One healthy way to consume carbohydrate is to only eat 100 Cal of carbs at a time. For most people, especially athletes and active individuals, this would mean eating at least 6 meals a day. Another way is to slow down the rate of carbohydrate digestion. Switching to whole grains such as brown rice, coarser breads and oatmeal slows digestion by 5-10%. The impact on weight loss and performance are therefore good but not great. The most effective way to slow the digestion of carbohydrate is to eat them with lots of vegetables. Vegetables take longer for the stomach to break down. Vegetables mix with the higher-calorie grains, and slow their digestion dramatically. Preliminary studies show that the effect is up to 10 times more powerful than switching from processed carbohydrates to whole grain carbohydrates. This enables the active person to increase their carbohydrate consumption to 300 or even 400 Cal in a meal as long as they consume enough vegetables with it to slow digestion. Vegetables can literally double the carbohydrate turning point before muscle shuts down.
What to do
· Eat between 100-200 Calories of carbohydrate in each of your meals, emphasizing whole grains like visually-coarse breads, brown rice, and plain oatmeal.

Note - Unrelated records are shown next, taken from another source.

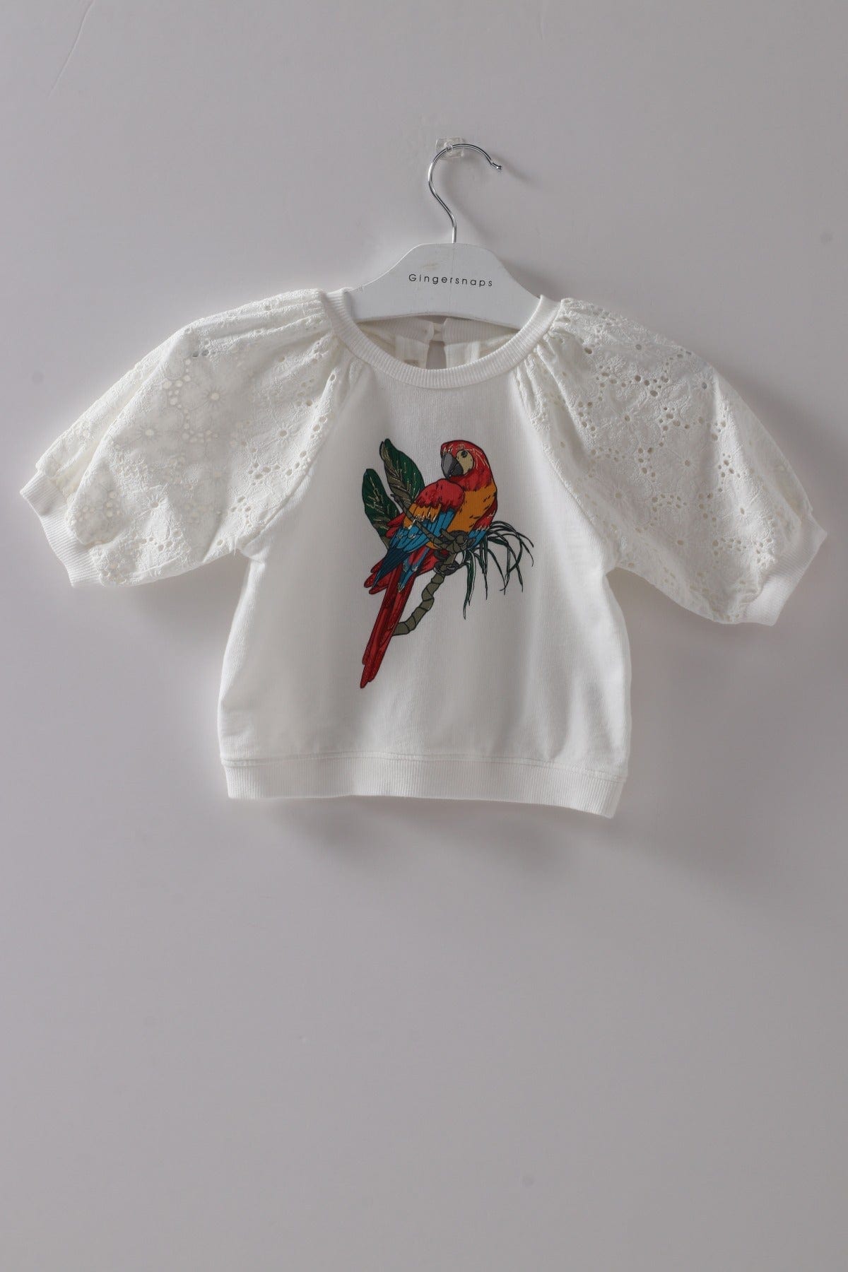 بلوزة بكم منفوخ مخرم مزينة بطبعة بغبغان
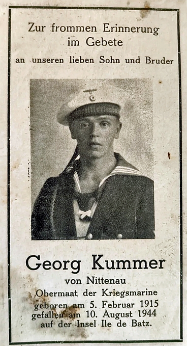 Obermaat | KUMMER | Georg | 05.02.1915 Bruck | 10.08.1944 Ile de Bas | Marine | Kriegsgräberstätte in Ploudaniel-Lesneven: Block 8 Reihe 8 Grab 251 |
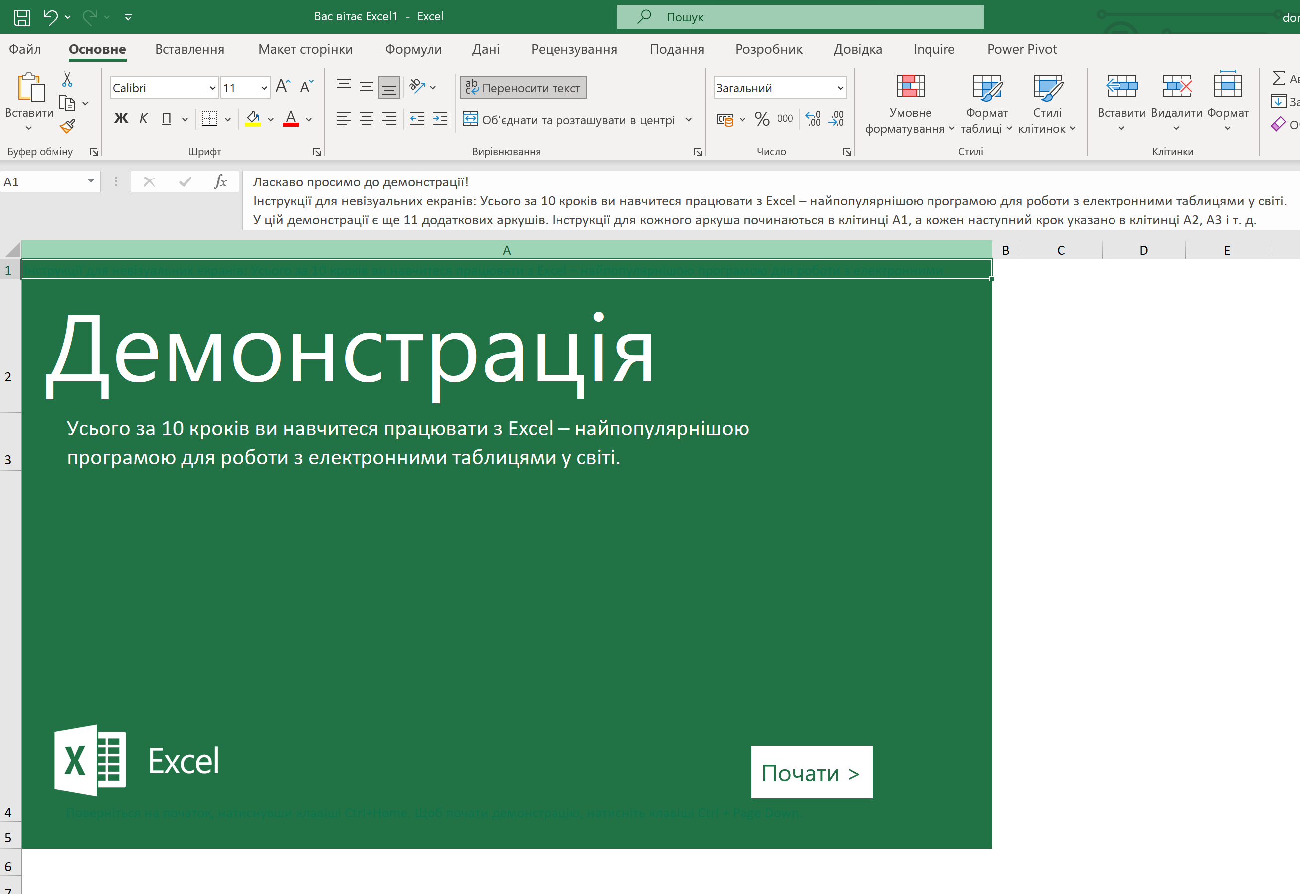 Створіть новий файл за шаблоном "Вас вітає Ексель!" (ви його тільки що завантажили).

· If you need more carbohydrate, eat 2 cups of leafy greens or 1 cup of raw vegetables for every additional 100 Calories of carbohydrate.
· Cooked vegetables do not slow down digestion as much, so eat a little more of them than you would raw vegetables. Cook them el dente instead of to the point of mushiness.
· 100 Calories of carbohydrate = 1 slice of bread or 1/3-1/2 cup of cooked rice, pasta, potato, or most cereals
· Tomatoes and green peas are too soft to have much effect. Carrots and most fruits have too many calories to slow down the digestion of bread, rice, pasta and cereal.